L’Yonne terre historique à vocation de passage par excellence, avec la rivière Yonne, le fleuve -car son débit est dominant à son confluent avec la Seine à Montereau-, transpercée par la Nationale 6 puis l’autoroute A 6, l’Yonne terre d’échanges, de marchands et de maquignons est un territoire de transition.

Terres initiatiques, on y trouve des vestiges datant de l’homme de Néandertal notamment des peintures murales de 35 000 ans avant J.-C dans les grottes d’Arcy-sur-Cure ainsi que de solides structures de l’occupation romaine, des villes et des routes. Terres de contrastes géologiques mais aussi économiques et humains propices à l’enracinement et aux attaches au travers des siècles.

La réunion de cinq pays configurent cette terre icaunaise composée de morceaux crayeux de champagne, de calcaire de Bourgogne et des sables, argiles et ocres de l’Orléanais. Ces terres rurales à l’écart, ont alimenté la région parisienne pendant de longs siècles en nourrices, en bois, en pierres de construction, en eau potable, en céréales et en vin.

Et au milieu coule une rivière, le fleuve. Voici Auxerre, alta sedes deorum, « la demeure élevée des dieux ». Développé autour d’édifices religieux puis contenu par l’Yonne et les vignes, le cœur historique de la cité du républicain Paul Bert et de la discrète poétesse Marie Noël, a conservé sa densité et ses quartiers. Posée en étages sur les rives de l’Yonne, à flanc de colline, la ville bénéficie de points de vue et d’ouvertures sur le paysage saisissants.

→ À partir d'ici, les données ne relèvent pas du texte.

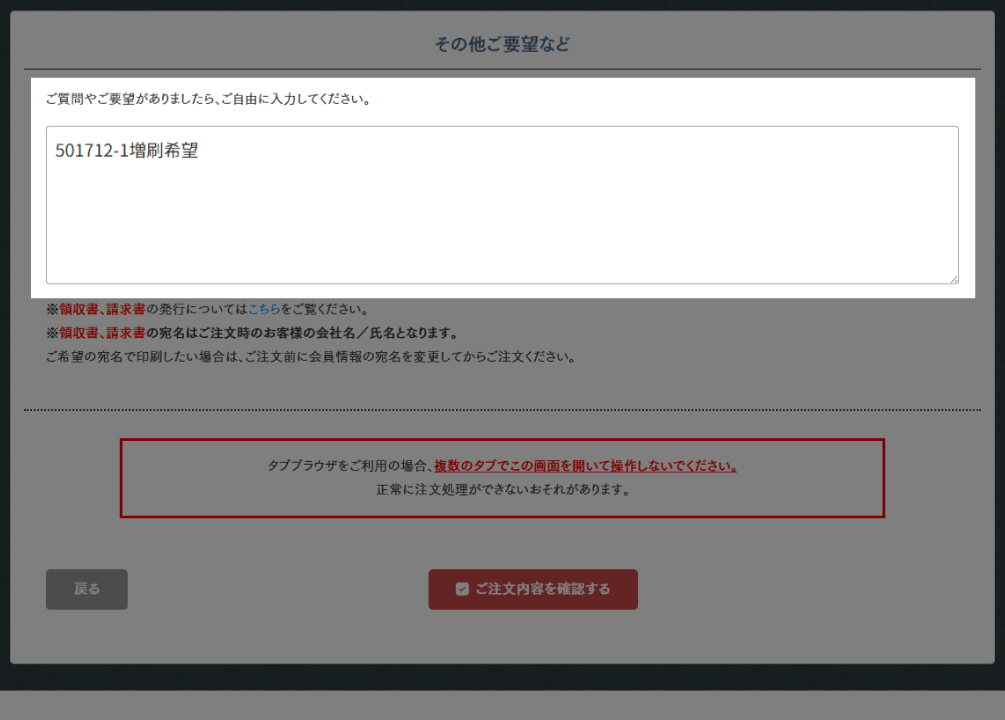 その際に、ご注文時のメッセージ欄に「増刷元の注文番号 増刷希望」と記載し、注文を完了してください。弊社にてご注文を確認後、出荷日などをご連絡します。
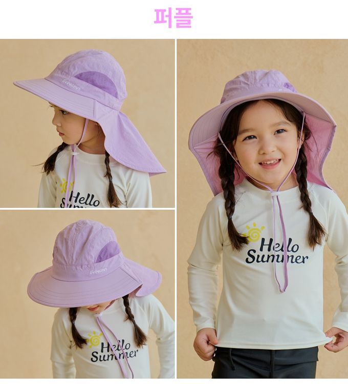 韓國 Bebechat - UPF 50+抗UV水陸兩用防曬遮脖帽/戲水帽-紫

Auxerre la méconnue a tout pour surprendre avec ses trésors de maisons à pan de bois blottis au pied de ses trois hauts édifices religieux si différents, l’église Saint-Pierre des vignerons, la cathédrale Saint-Etienne soutenue par le quartier de la Marine et l’abbaye Saint-Germain lieu éminemment spirituel, phare de l’Europe intellectuelle qui illumina la période carolingienne.

L'Abbé Ernest Deschamps en 1905, fondateur de l'AJA (DR)

Une histoire dans l’Histoire

La richesse et la variété du patrimoine n’est pas un paradoxe sur cette terre de passage et d’échanges. Un patrimoine témoin de l’Histoire en strates successives visibles comme des têtes de gondole apparemment immobilisées pour chaque époque et activité humaine. C’est qu’Il enclot le flux de toutes les influences qui les ont façonnées, telles les pierres qui « sentent le dehors et savent le dedans ».

Si on ne sait pas cela, on ne peut comprendre l’aventure programmée de l’AJA, l’Association de la jeunesse Auxerroise, le patronage Saint-Joseph, entamée sous sa forme actuelle voilà 106 ans. Une histoire dans l’Histoire.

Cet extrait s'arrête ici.